Предлагаем самый простой вариант: поехать вместе с подозреваемыми в телефонную компанию и взять распечатки переговоров. Если откажутся — то наши подозрения явно небезосновательны. Но пока просмотрели записи, поговорили со свидетелями, обследовали чердак, а главное, дотушили пожар, наступила уже глубокая ночь. Благостно начавшееся воскресенье закончилось.

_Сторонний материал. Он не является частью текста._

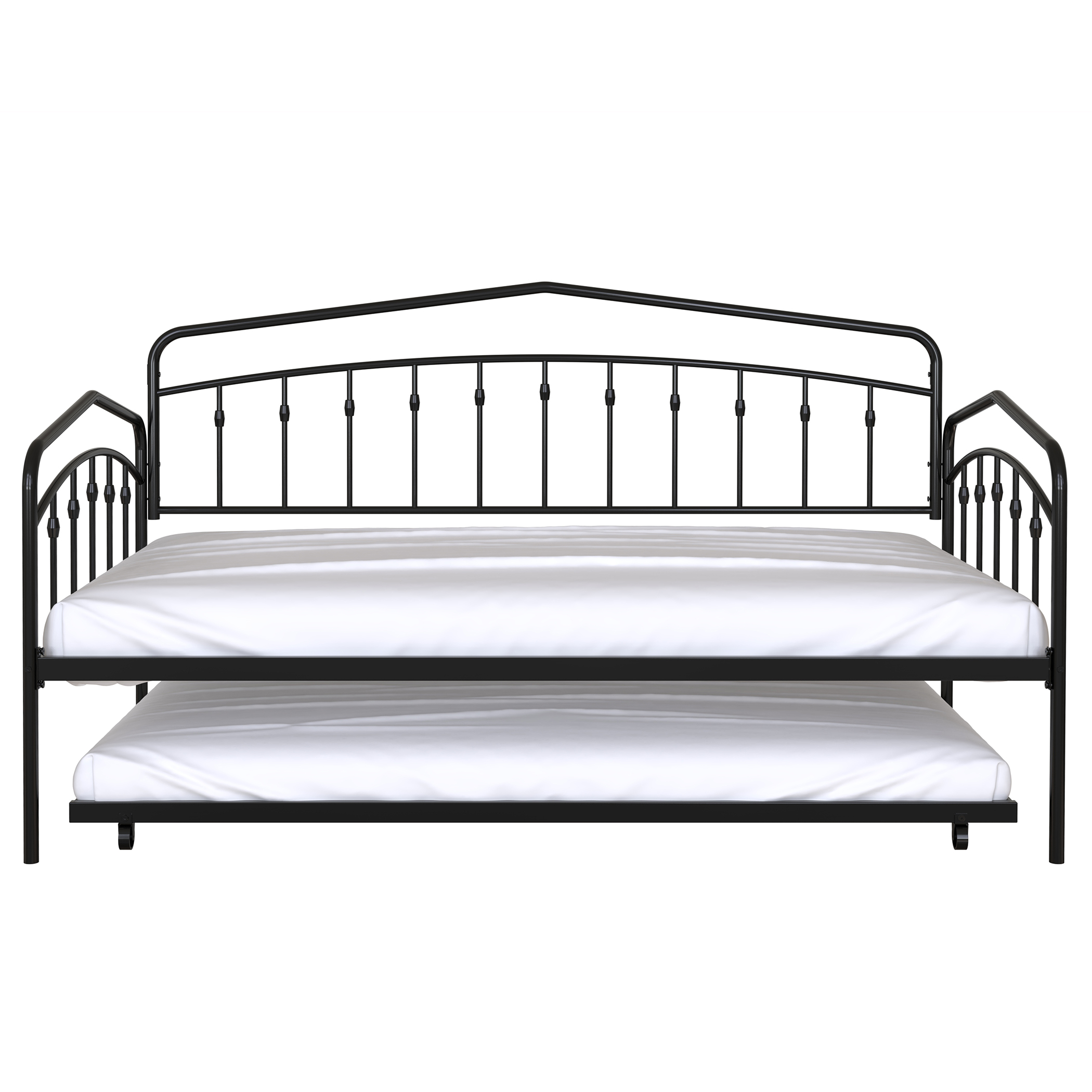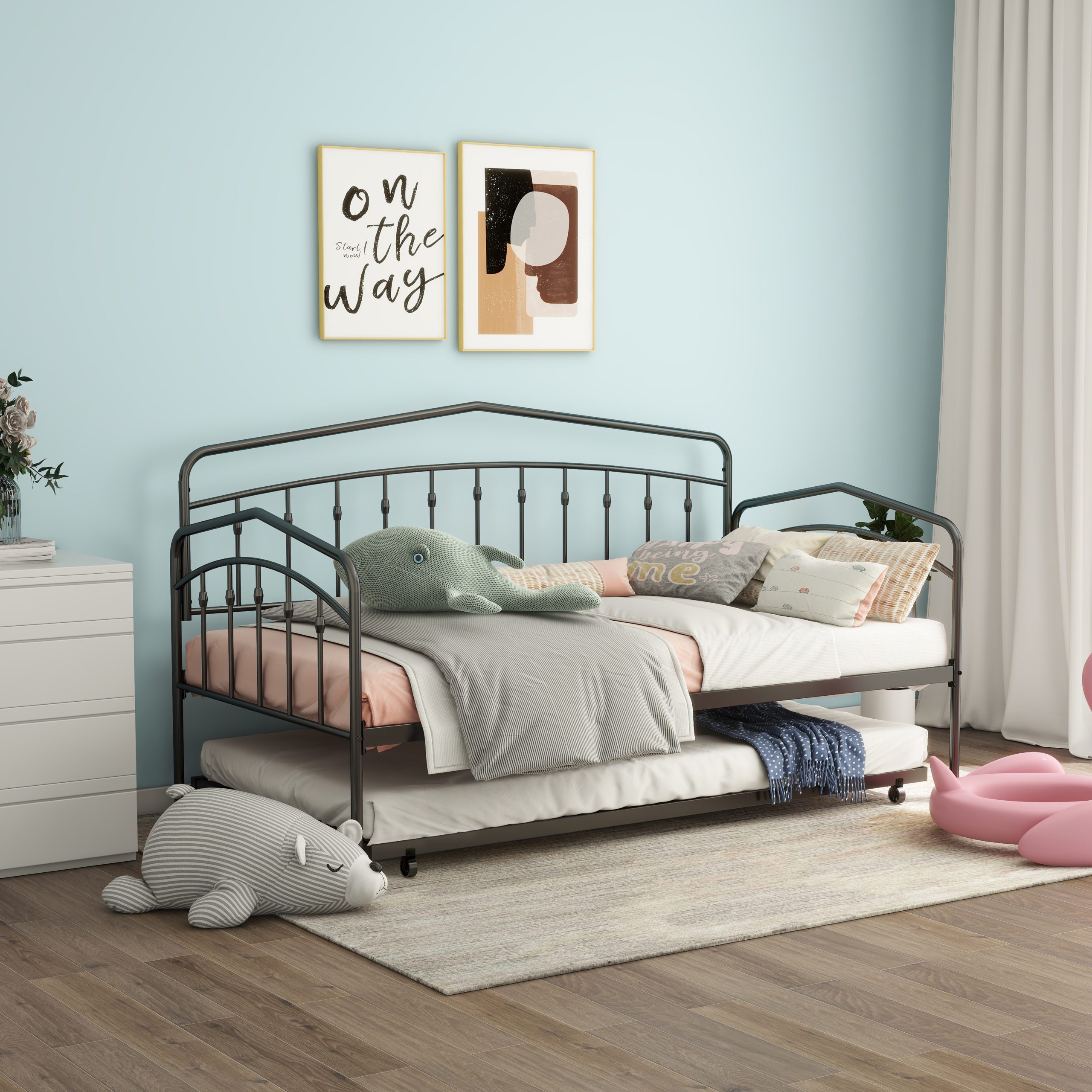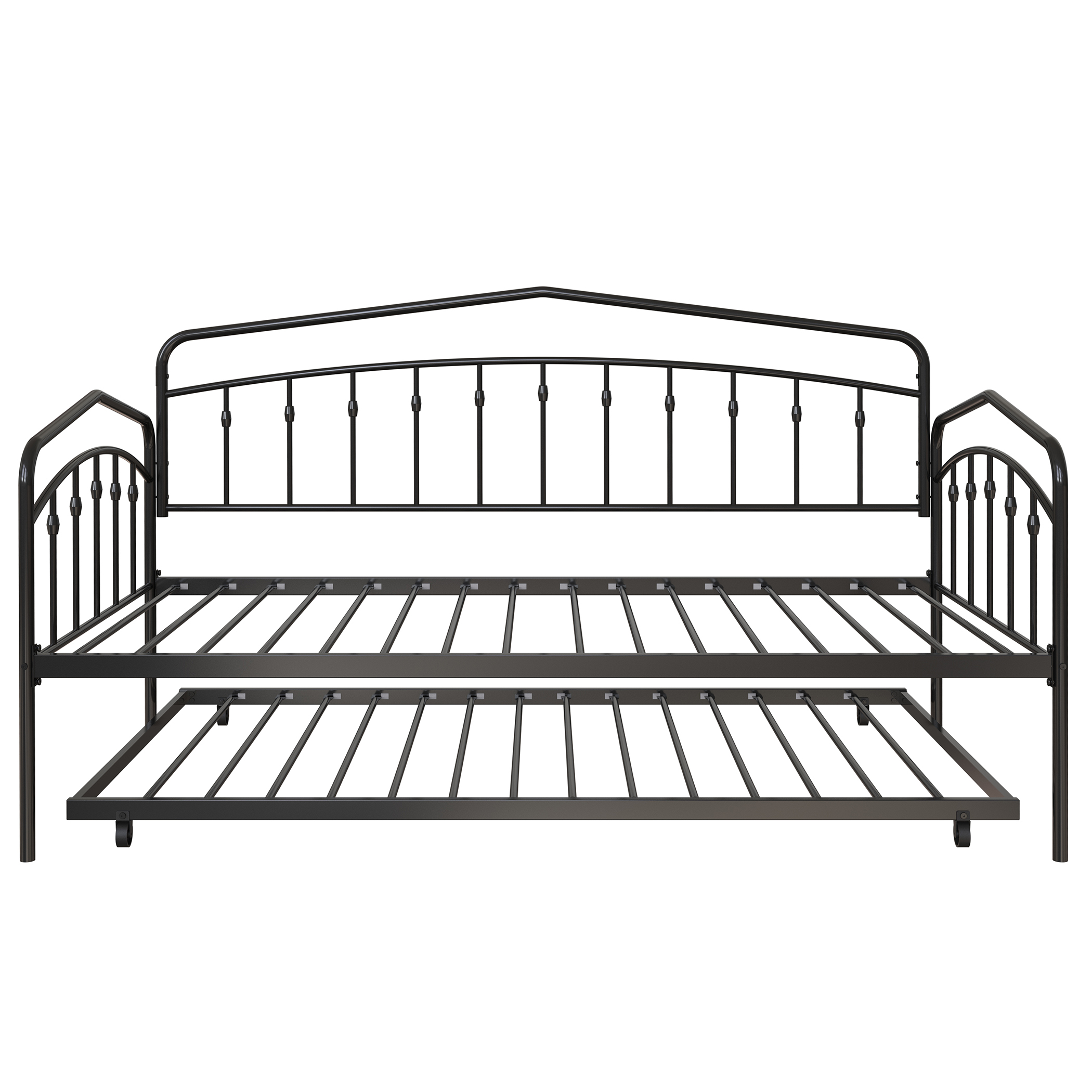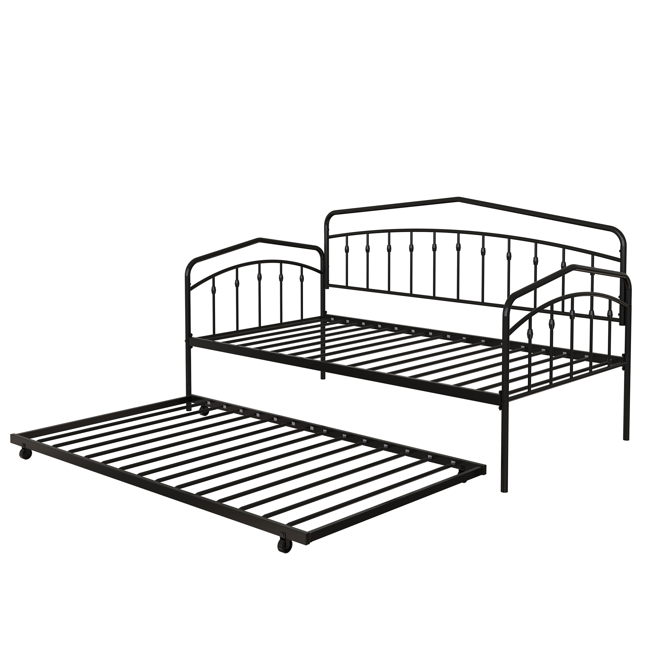 - [Durable Metal Frame]: Both the daybed and trundle feature secured metal slats for support and durability. Includes a trundle with four easy-glide casters (2 locking, 2 non-locking) that easily rolls in and out when you need an extra sleeping space.

Утро следующего дня началось с проработки версии курения как причины возгорания. И здесь картина оказалась также неутешительной. Несмотря на имеющийся приказ, обязывающий директоров согласовывать с главным инженером места курения, по данному магазину ничего не было сделано. Место не определёно и не согласовано. Возникло оно стихийно, потому что отдалённое и не проходное, к тому же не оборудовано камерами наблюдения. Откуда-то взялась даже лавочка. Вот только ведро или банка с водой для окурков бывали крайне редко. Но зато рядом стоял большой деревянный стеллаж с бумажными сертификатами, рядом же был и легковоспламеняющийся мусор, где также немало бумаги. В общем, место для курения самое неподходящее. Пожалуй, не только поджог, но и стеллаж с бумагой мог дать такое резкое возгорание, как отображено на камерах, захватывающих проём несчастливого помещения. Но эти детали не для пожарников. Всё же поджог, не знаю как юридически, но «по понятиям», если это проделка конкурентов, превращает нас из виновных в пострадавших, да и нашим недоброжелателям будет неуютно, упадёт на них тень диверсии в городской молве, даже если и не удастся доказать этот факт. Мы действительно считаем, что поджог более вероятен, хотя и не на сто процентов.

Пока тянется разбирательство, начальник розничной торговли, вполне достойный специалист и хороший человек, слегла с гипертоническим кризом. Расстроил её и сам факт возгорания, добавил переживаний беспокойный выходной, превратившийся в авральный для неё и её подчинённых, проводивших срочную ревизию, чтобы оценить ущерб и предотвратить растаскивание продукции под видом сгоревшей. Но главное, расстроила её кажущаяся несправедливость, болезненно воспринимаемая нашими людьми. За пожарную безопасность, по её мнению, должен целиком отвечать главный инженер. Пришлось ей, уже лежащей в больнице, объяснять, что невыполнение приказа её подчинёнными, директорами магазинов, по организации мест курения — огромная недоработка, в том числе и её как их начальника. Кроме того, за целый ряд лет нет ни одного случая наказания работников за курение в неположенных местах. Нет наказаний, нет и ответственности в этом вопросе, что резко поднимает вероятность возгорания. Объяснение справедливости нареканий и в её адрес привело к тому, что она успокоилась, и давление нормализовалась. Такова уж, видимо, душа русского человека. Несправедливость больнее ранит, чем пожары и наказания.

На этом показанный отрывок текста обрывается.